The Crooked Hinge
- First US edition
- Author: John Dickson Carr
- Language: English
- Series: Gideon Fell
- Genre: Mystery fiction, Detective fiction
- Publisher: Hamish Hamilton (UK) & Harper (US)
- Publication date: 1938
- Publication place: United Kingdom
- Media type: Print (Hardback & Paperback)
- Preceded by: To Wake the Dead (1938)
- Followed by: The Black Spectacles (1939) (US title: The Problem of the Green Capsule)

= The Crooked Hinge =

1938 novel by John Dickson Carr

The Crooked Hinge is a mystery novel (1938) by detective novelist John Dickson Carr. It combines a seemingly impossible throat-slashing with elements of witchcraft, an automaton modelled on Maelzel's Chess Player, and the story of the Tichborne Claimant. It was dedicated to fellow author Dorothy Sayers "in friendship and esteem".

In a poll of 17 detective story writers and reviewers, this novel was voted as the fourth best locked room mystery of all time.

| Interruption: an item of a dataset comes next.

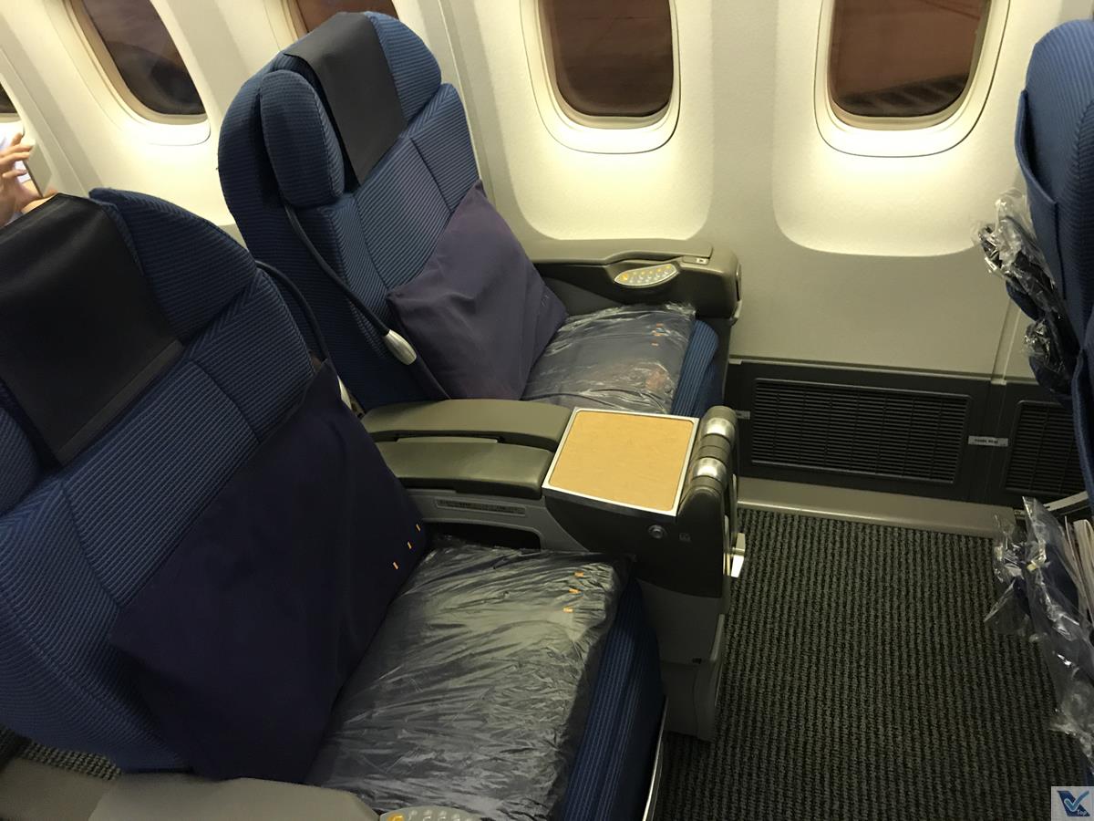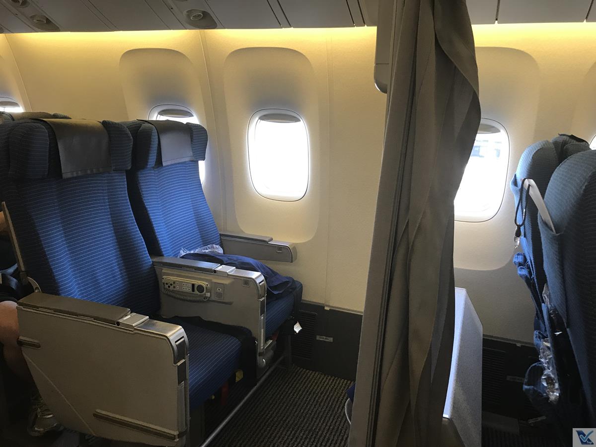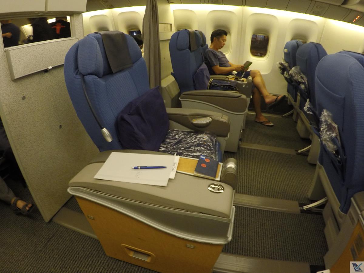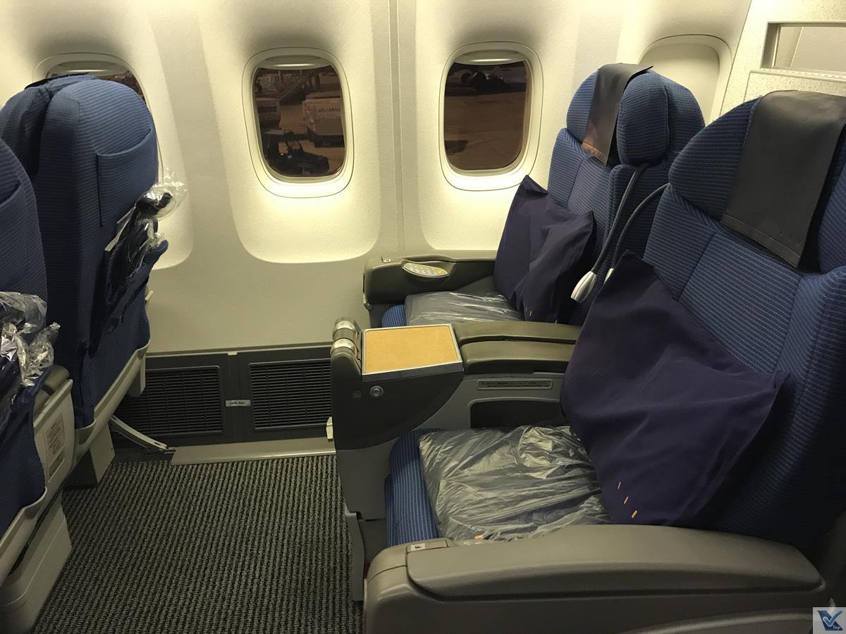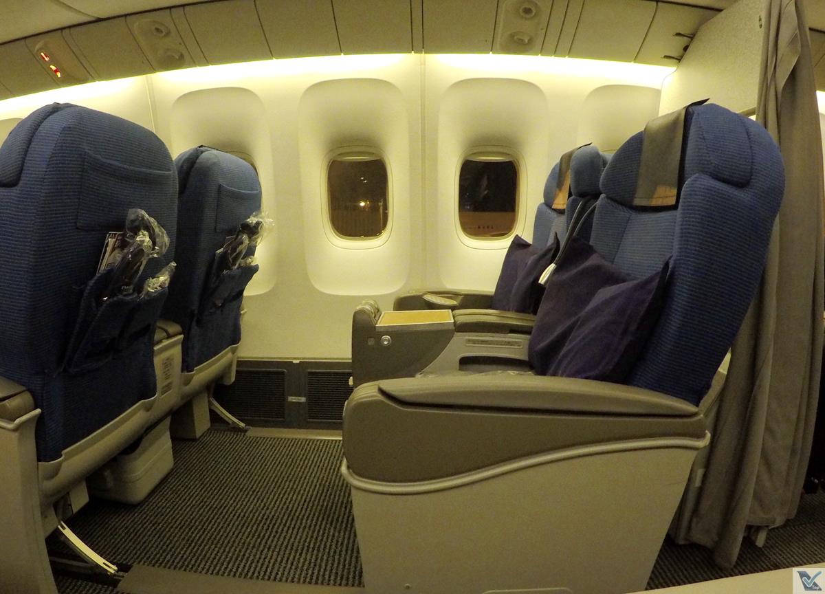 – a configuração de cabine da classe Executiva deste Boeing era bem interessante e inédita para mim: 2 x 1 x 2 (um único assento na parte central é incomum, os 767s da LATAM que voam no Brasil, por exemplo, estão configurados na disposição 2 x 2 x 2); são 07 fileiras, totalizando 35 lugares nesta classe de serviço; neste voo 20 deles estavam ocupados

The Hollow Man also by John Dickson Carr was voted the best.

== Plot introduction ==
In his ninth outing, Dr. Fell spends July 1937 at a small village in Kent. John Farnleigh is a wealthy young man married to his childhood love, and a survivor of the Titanic disaster. When another man comes along claiming to be the real John Farnleigh, an inquest is scheduled to determine which individual is the real Farnleigh. Then the first Farnleigh is killed—his throat is slashed in full view of three people, all of whom claim that they saw no one there. Later, a mysterious automaton reaches out to touch a housemaid, who nearly dies of fright, and a thumbograph (an early toy associated with the taking of fingerprints) disappears from a locked library. Dr. Gideon Fell investigates and reveals the surprising solution to all these questions.

==Literary significance and criticism==
This novel was fourth in a list of the top ten "impossible crime" mysteries of all time (created by noted locked-room mystery writer Edward D. Hoch).